Judge Berger dissented and expressed his view that there was sufficient evidence that the defendant knowingly possessed the methamphetamine because of his previous dealings in methamphetamine with the informant and because the defendant’s use of the term “re-rock” may have been a reference to impure, rather than fake, methamphetamine.  Judge Berger also distinguished Wheeler on the grounds that the defendant in this case did not affirmatively reject the methamphetamine mixture.

In a case in which the defendant was convicted of possession of heroin and trafficking in opium or heroin by transportation, the trial court did not err by denying the defendant’s request for an instruction about knowing possession or transportation. The court concluded that the requested instruction was not required because the defendant did not present any evidence that he was confused or mistaken about the nature of the illegal drug his accomplice was carrying.

In a heroin trafficking case where the defendant argued that he did not know that the item he possessed was heroin, the trial court committed plain error by denying the defendant’s request for a jury instruction that the State must prove that the defendant knew that he possessed heroin (footnote 4 of the relevant trafficking instructions). The court noted that knowledge that one possesses contraband is presumed by the act of possession unless the defendant denies knowledge of possession and contests knowledge as disputed fact. It went on to reject the State’s argument that the defendant was not entitled to the instruction because he did not testify or present any evidence to raise the issue of knowledge as a disputed fact. The court noted that its case in chief the State presented evidence that the defendant told a detective that he did not know the container in his vehicle contained heroin; this constituted a contention by the defendant that he did not know the true identity of what he possessed, the critical issue in the case. 

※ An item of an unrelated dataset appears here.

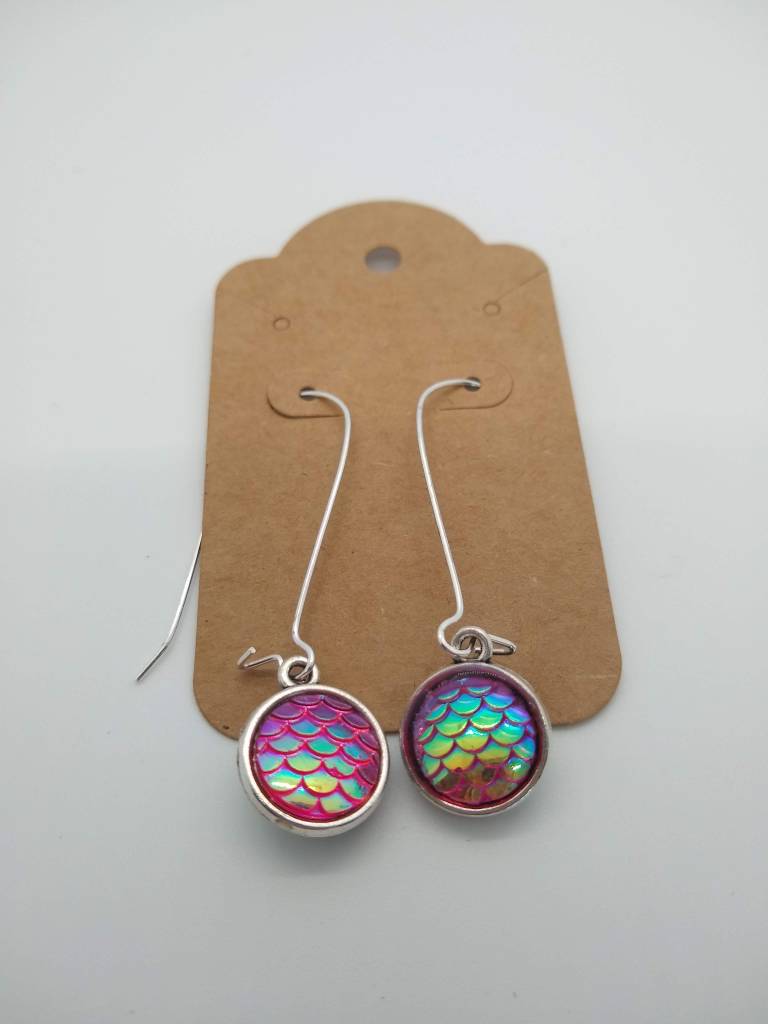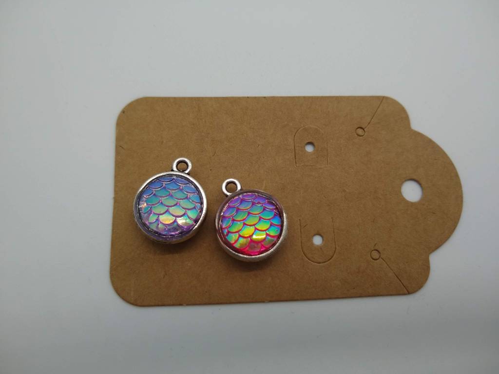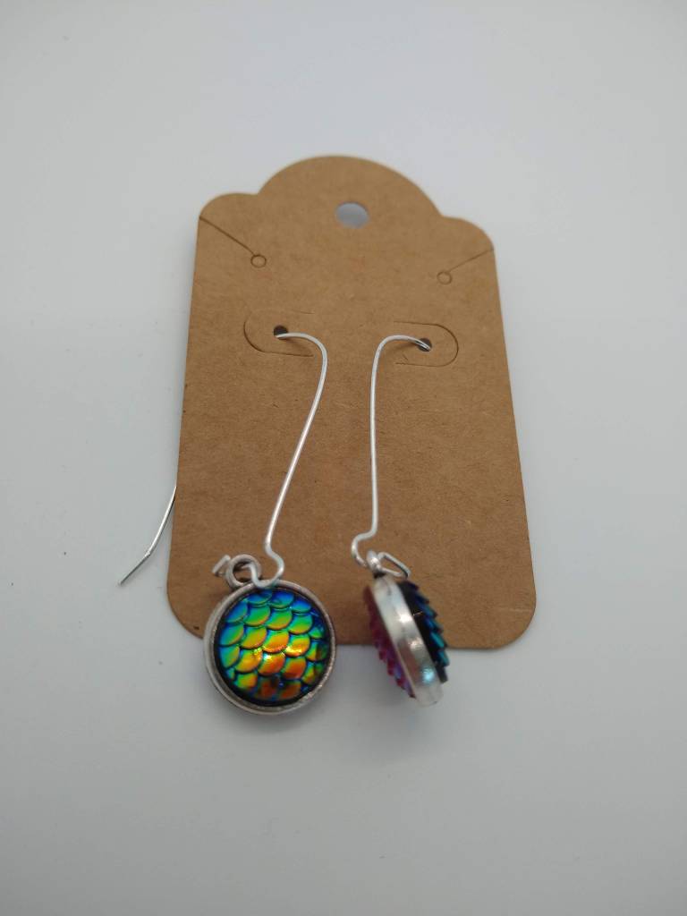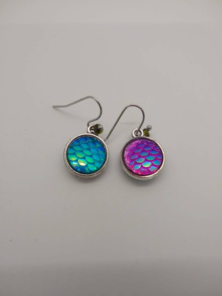 Iridescent resin “scales” are set in silver-plated double-sided trays. Available on stainless steel french hooks or smaller S-hooks, these earrings can be easily slipped off and reversed to show a different color scale on the other side.

In a trafficking by possession case there was sufficient evidence of knowing possession where the defendant was driving the vehicle that contained the cocaine.

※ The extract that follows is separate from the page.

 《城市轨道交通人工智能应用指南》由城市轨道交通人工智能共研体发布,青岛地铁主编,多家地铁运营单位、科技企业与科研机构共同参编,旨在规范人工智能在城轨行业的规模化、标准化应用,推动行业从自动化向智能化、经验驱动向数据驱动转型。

The evidence was sufficient to establish that the defendant knowingly possessed and transported the controlled substance. The evidence showed that (1) the packages involved in the controlled delivery leading to the charges at issue were addressed to “Holly Wright;” although a person named Holly Wainwright had lived in the apartment with the defendant, she had moved out; (2) the defendant immediately accepted possession of the packages, dragged them into the apartment, and never mentioned to the delivery person that Wainwright no longer lived there; (3) Wainwright testified that she had not ordered the packages; (4) the defendant told a neighbor that another person (Smallwood) had ordered the packages for her; (5) the defendant did not open the packages, but immediately called Smallwood to tell him that they had arrived; (6) after getting off the phone with Smallwood, the defendant acted like she was in a hurry to leave; and (7) Smallwood came to the apartment within thirty-five minutes of the packages being delivered.

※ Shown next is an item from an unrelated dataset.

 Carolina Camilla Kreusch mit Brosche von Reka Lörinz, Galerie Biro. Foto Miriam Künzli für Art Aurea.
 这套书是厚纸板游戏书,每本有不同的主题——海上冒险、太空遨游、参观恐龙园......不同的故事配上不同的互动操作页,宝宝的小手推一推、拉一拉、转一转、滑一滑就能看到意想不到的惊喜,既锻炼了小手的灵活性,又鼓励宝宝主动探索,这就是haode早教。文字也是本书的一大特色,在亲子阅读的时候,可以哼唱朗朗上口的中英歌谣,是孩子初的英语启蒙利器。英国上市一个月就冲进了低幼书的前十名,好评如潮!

There was sufficient evidence to show that the defendant knowingly possessed marijuana in a case where the defendant was convicted of trafficking in marijuana and conspiracy to traffic by possession. Defendant signed for and collected a UPS package containing 44.1 pounds of marijuana. About a half hour later, the defendant helped load a second UPS package containing 43.8 pounds of marijuana into the back seat of a car. Both boxes were found when police searched the car, driven by the defendant. The defendant had once lived in the same residence as his niece, the person to whom the packages were addressed, and knew that his niece frequently got packages like these. Also, the defendant expected to earn between $50 and $200 for simply taking the package from UPS to his niece. Finally the address on one of the boxes did not exist.